Between the line containing "139㎡B户型则创新性地实现" and the line containing "- Pantalla (lámpara" lies a run of lines; give that run again exactly, with both of those lines, and nothing else from the entries below.

═════ Record set ═════

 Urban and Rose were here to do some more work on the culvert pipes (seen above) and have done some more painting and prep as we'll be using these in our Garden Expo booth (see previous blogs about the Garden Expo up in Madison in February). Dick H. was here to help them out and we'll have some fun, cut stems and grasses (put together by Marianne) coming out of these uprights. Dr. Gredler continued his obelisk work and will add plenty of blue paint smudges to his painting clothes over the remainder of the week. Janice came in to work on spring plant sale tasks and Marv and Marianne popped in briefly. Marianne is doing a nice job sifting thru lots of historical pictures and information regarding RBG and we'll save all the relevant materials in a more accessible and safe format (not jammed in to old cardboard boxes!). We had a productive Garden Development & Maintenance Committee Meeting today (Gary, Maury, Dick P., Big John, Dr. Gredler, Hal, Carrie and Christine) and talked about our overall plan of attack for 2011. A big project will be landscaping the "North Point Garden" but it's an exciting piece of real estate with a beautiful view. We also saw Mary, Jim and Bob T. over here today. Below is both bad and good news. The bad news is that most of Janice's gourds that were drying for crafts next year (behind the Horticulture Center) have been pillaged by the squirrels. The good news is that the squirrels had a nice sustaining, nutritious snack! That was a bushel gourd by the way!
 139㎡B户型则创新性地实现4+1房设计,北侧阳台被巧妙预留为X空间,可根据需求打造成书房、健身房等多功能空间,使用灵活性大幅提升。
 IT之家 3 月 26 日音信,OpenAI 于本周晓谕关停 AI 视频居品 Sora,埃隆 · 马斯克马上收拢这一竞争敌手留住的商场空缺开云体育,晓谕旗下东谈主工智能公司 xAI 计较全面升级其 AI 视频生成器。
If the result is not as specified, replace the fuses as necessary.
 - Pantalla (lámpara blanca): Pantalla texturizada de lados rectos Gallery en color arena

═════
═════ Record set ═════

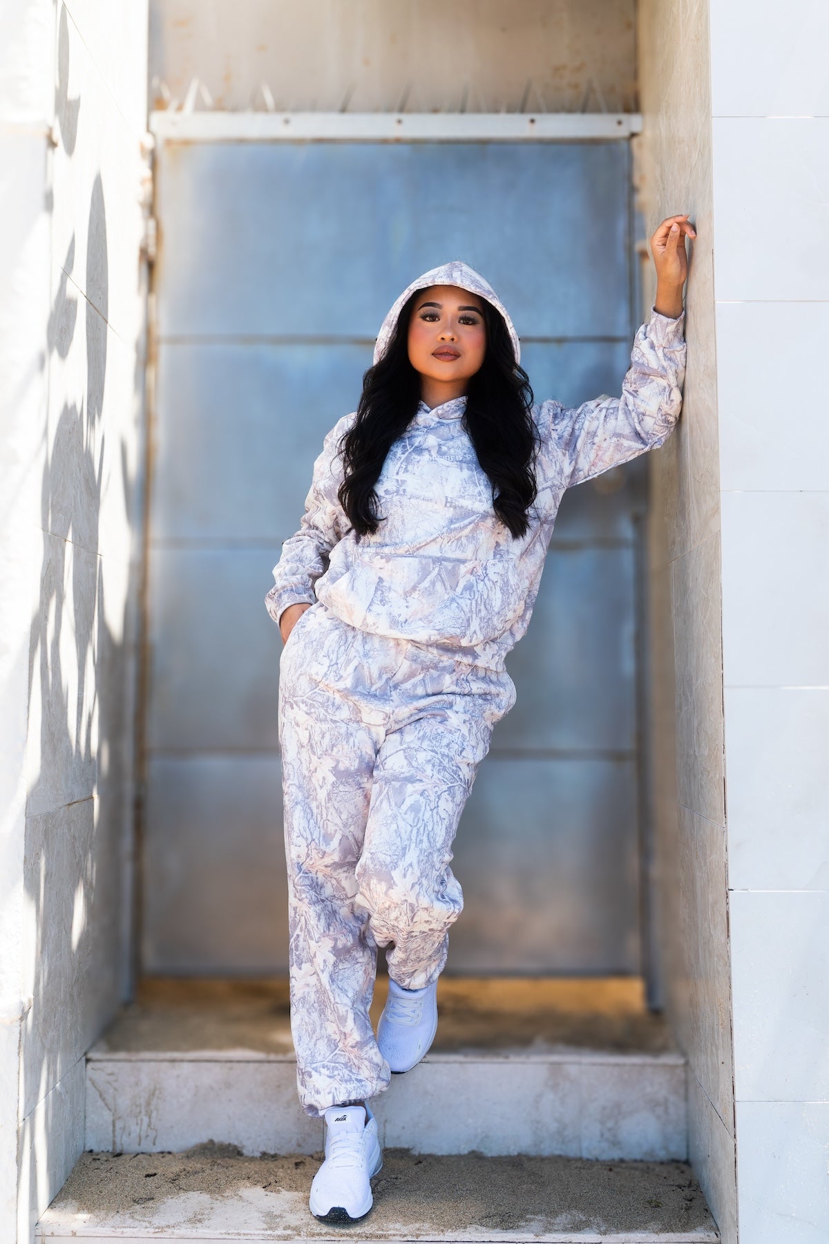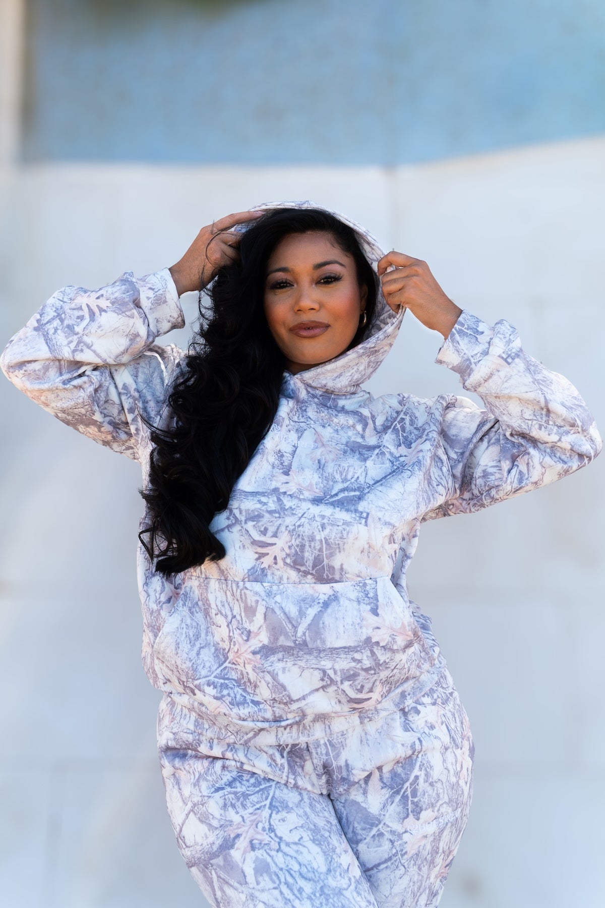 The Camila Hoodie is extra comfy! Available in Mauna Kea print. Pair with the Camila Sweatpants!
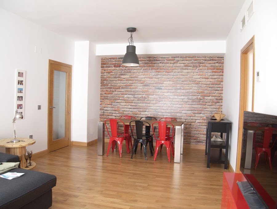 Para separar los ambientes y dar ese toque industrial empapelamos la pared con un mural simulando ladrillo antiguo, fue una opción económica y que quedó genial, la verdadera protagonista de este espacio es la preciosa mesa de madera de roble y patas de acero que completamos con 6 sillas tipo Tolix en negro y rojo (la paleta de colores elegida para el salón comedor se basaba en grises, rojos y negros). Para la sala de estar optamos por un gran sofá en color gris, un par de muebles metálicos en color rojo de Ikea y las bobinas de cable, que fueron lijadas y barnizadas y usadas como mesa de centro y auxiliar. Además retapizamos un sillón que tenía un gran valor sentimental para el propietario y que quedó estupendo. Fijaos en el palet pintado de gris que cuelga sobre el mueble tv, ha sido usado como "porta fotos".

═════

* Your solution *
 139㎡B户型则创新性地实现4+1房设计,北侧阳台被巧妙预留为X空间,可根据需求打造成书房、健身房等多功能空间,使用灵活性大幅提升。
 IT之家 3 月 26 日音信,OpenAI 于本周晓谕关停 AI 视频居品 Sora,埃隆 · 马斯克马上收拢这一竞争敌手留住的商场空缺开云体育,晓谕旗下东谈主工智能公司 xAI 计较全面升级其 AI 视频生成器。
If the result is not as specified, replace the fuses as necessary.
 - Pantalla (lámpara blanca): Pantalla texturizada de lados rectos Gallery en color arena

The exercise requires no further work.